The House Intelligence Committee issued its own subpoena to Flynn on May 31.
Jared Kushner, senior White House adviser
What we know: On May 19, The Post's Devlin Barrett and Matt Zapotosky reported that a senior White House official was a focus of the FBI's Russia investigation — separate from the various investigations being run by Congress.
What Kushner has turned over to investigators: “Mr. Kushner previously volunteered to share with Congress what he knows about these meetings. He will do the same if he is contacted in connection with any other inquiry,” Jamie Gorelick, one of Kushner's attorneys, told The Post.
Paul Manafort, former campaign manager
What we know: Manafort, one of Trump's three campaign managers during the 2016 election, has had close ties to Russia for a long time. He was an adviser to Viktor Yanukovych, a Putin ally who was president of Ukraine from 2010 until he was ousted in 2014. He also has business connections with Russian oligarchs.
What Manafort has turned over to investigators: Manafort's lawyer told The Post that he is following through on a commitment to provide information to investigators. From reporter Tom Hamburger's story:
Congressional staff have not fully reviewed the new Manafort documents, but people familiar with them said they include calendar entries, speech drafts and campaign strategy memos that mention Russia or individuals from Russia. They also cite some specific meetings, including two large group sessions that involved Russia’s ambassador to the United States — one at the Republican National Convention and the other at the Mayflower Hotel in Washington when Trump gave his first major foreign policy address.
Roger Stone, former adviser
What Stone has turned over to investigators: As far as we know, he hasn't been contacted by investigators — but that doesn't mean he doesn't want to be.

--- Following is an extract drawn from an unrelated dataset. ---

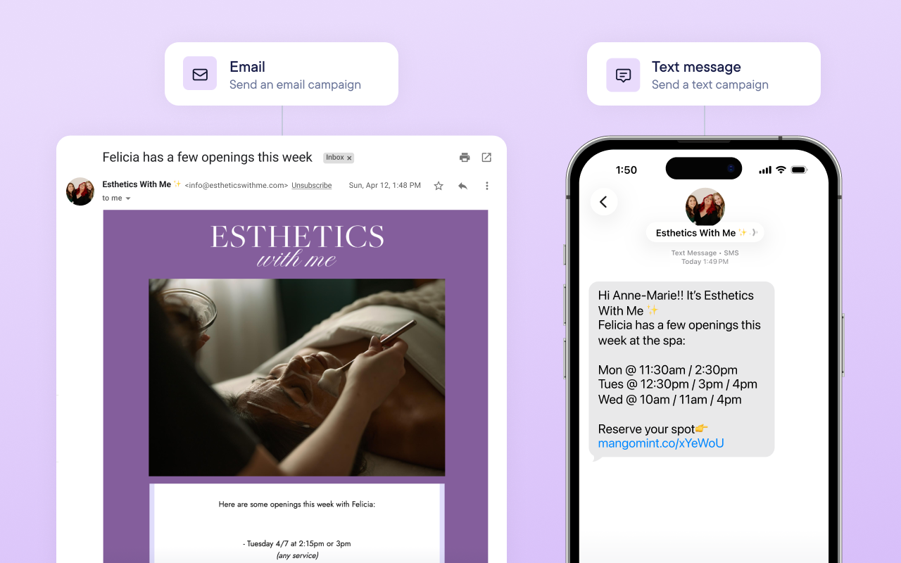 Shannon’s team also uses campaigns every month to send one-time messages to their clients. With Mangomint’s filtering capabilities, they’re able to fill last-minute openings by targeting specific clients based on certain criteria like appointment history, membership status, and other client tags. Pre-made templates and personalized texts with emojis and images make each message feel on-brand and unique to Esthetics With Me.

“I myself am very anxious to testify before the House and Senate committees in public,” Stone said on CNN in March. “I don’t need a subpoena, I don’t need immunity — I’m going to give them whatever documents they requested, although I believe I’ve been under surveillance so they probably already have them anyway.”
Michael Caputo, former campaign communications adviser
What we know: Caputo lived in Russia in the 1990s and later worked with Russian conglomerate Gazprom Media on a pro-Putin public relations campaign. He worked for the Trump campaign as an adviser during the New York primary, but resigned after tweeting, “Ding dong the witch is dead!” after Trump campaign manager Corey Lewandowski was fired in June.
What Caputo has turned over to investigators: Congressional investigators reportedly asked Caputo for documents from his time as a Trump campaign aide in 2016. He reportedly complied.
“The only time the President and I talked about Russia was in 2013, when he simply asked me in passing what it was like to live there in the context of a dinner conversation,” Caputo reportedly told the House Intelligence Committee in a May letter.
Carter Page, former foreign policy adviser
What we know: Page worked as an investment banker in Russia a decade ago. He also admitted to meeting with Kislyak in Cleveland during the Republican National Convention in July. The FBI obtained a special warrant to monitor him.
The Trump administration has disputed his role in the campaign, but Trump named Page as an adviser when he spoke with members of The Post's editorial board in March 2016.
What Page has turned over to investigators: Page, like Stone, has said on television that he's willing to testify to Congress, but hasn't yet.
Boris Epshteyn, former campaign adviser and assistant White House communications director
What we know: Epshteyn told the Associated Press on May 31 that he's been contacted by congressional committees and asked to turn over information. It's unclear whether he provided it.